Die Revision wird nicht zugelassen.
Tatbestand
Die Beteiligten streiten über die Rechtmäßigkeit der Feststellung von Versicherungsfreiheit nach dem Künstlersozialversicherungsgesetz (KSVG).
Die 1962 geborene Klägerin studierte an der Akademie für bildende Künste in M. und schloss das Hochschulstudium in einer Klasse für Malerei und Grafik im Juni 1990 erfolgreich ab. Seither ist sie auf den Gebieten Videokunst und Fotografie künstlerisch tätig. Mit Bescheid vom 2. Mai 1995 stellte die Beklagte die Versicherungspflicht in der Künstlersozialversicherung ab 15. November 1994 fest. Im Jahre 2009 führte sie eine Überprüfung der Einkommenssituation der Klägerin durch. In ihrer Erklärung vom 28. November 2009 gab die Klägerin voraussichtliche Jahreseinkünfte für 2008 von 4.500,00 EUR, für 2009 von 8.000,00 EUR und für 2010 von 9.000,00 EUR an. Nachdem die von der Klägerin eingereichten Einkommenssteuerbescheide für die Jahre 2004 bis 2007 ausnahmslos Verluste aus freiberuflicher Tätigkeit für sie aufwiesen, stellte die Beklagte nach Anhörung mit Bescheid vom 12. Januar 2010 ab 1. Februar 2010 die Versicherungsfreiheit der Klägerin fest.
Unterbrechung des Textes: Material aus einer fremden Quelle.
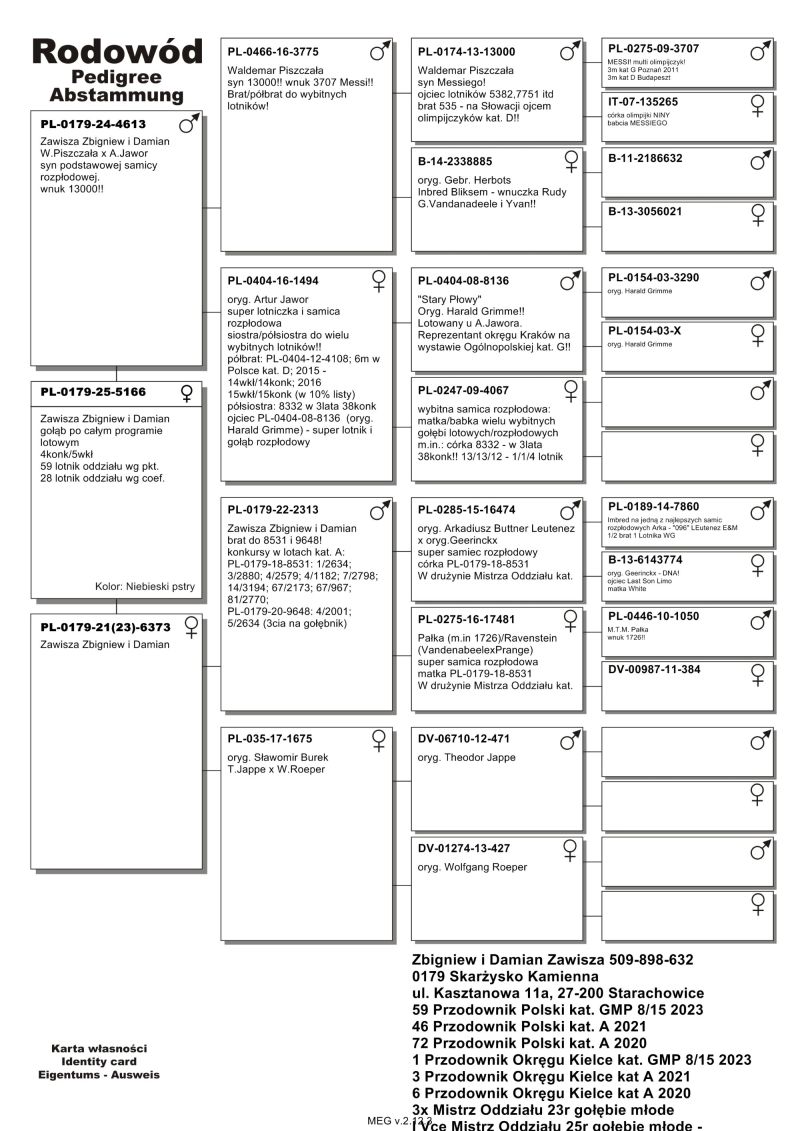 PL-0179-25-5106 - Zawisza Zbigniew i Damian – gołąb po całym programie lotowym

Zur Begründung wies sie darauf hin, dass die sozialversicherungsrechtliche Geringfügigkeitsgrenze des § 3 KVSG nicht überschritten werde. Die Vorauseinschätzung der Jahreseinkünfte für 2008 bis 2010 erscheine unter Berücksichtigung des tatsächlich erzielten Einkommens in den Vorjahren nicht plausibel. Tatsachen, die eine deutliche Steigerung des Einkommens erwarten ließen, seien nicht ersichtlich.
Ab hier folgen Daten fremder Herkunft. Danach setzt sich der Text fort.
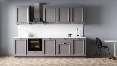 От минимализма в кухне Сорренто (Sorrento) присутствует функциональность и строгость линий. Здесь вы не найдете фигурных карнизов или радиусных полок. Все в этой модели подчеркнуто просто, надежно, но, вместе с тем, очень элегантно. Эту элегантность кухне Сорренто (Sorrento) придают ноты классицизма, проявляющиеся в рамочных фасадах и декоративных колоннах по обеим сторонам пенала. Сдержанный элегантный декор отлично сочетается с идеей кухни в стиле минимализм, смягчая ее и добавляя оттенок "тонкой роскоши".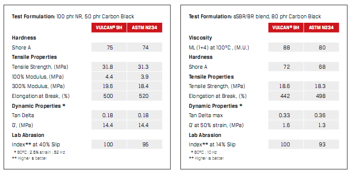 炭黑N234與VULCAN-9H在不同測(cè)試條件下的數(shù)據(jù)對(duì)比表:

Mit dem hiergegen gerichteten Widerspruch machte die Klägerin geltend, dass es für Künstler stets Zeiten negativer wirtschaftlicher Ergebnisse gebe, die sich jederzeit ändern könnten. Sie wies auf den Erfolg ihrer Kunst unter Fachkollegen, in Museumskreisen und am Markt hin. Sie habe für 2009 die Zusage der K. Stiftung in S. für ein Arbeitsstipendium in Höhe von 5.000,00 EUR. Für 2011 sei sie von der zuständigen Kommission im Land Schleswig-Holstein als Stipendiatin für die V. M. in R. vorgeschlagen. Die Klägerin legte den Einkommensteuerbescheid für das Jahr 2008 vor, der wiederum einen Verlust aus ihrer freiberuflichen Tätigkeit auswies und die Gewinnermittlung für das Jahr 2009 mit einem voraussichtlichen Verlust von 3.312,65 EUR.
Mit Widerspruchsbescheid vom 8. Juni 2010 wies die Beklagte den Widerspruch zurück. Nachdem nunmehr in sechs aufeinander folgenden Jahren ausschließlich Verluste aus der freiberuflichen Tätigkeit erzielt worden seien, erscheine eine positive Einkommenserwartung für das Jahr 2010 nicht plausibel.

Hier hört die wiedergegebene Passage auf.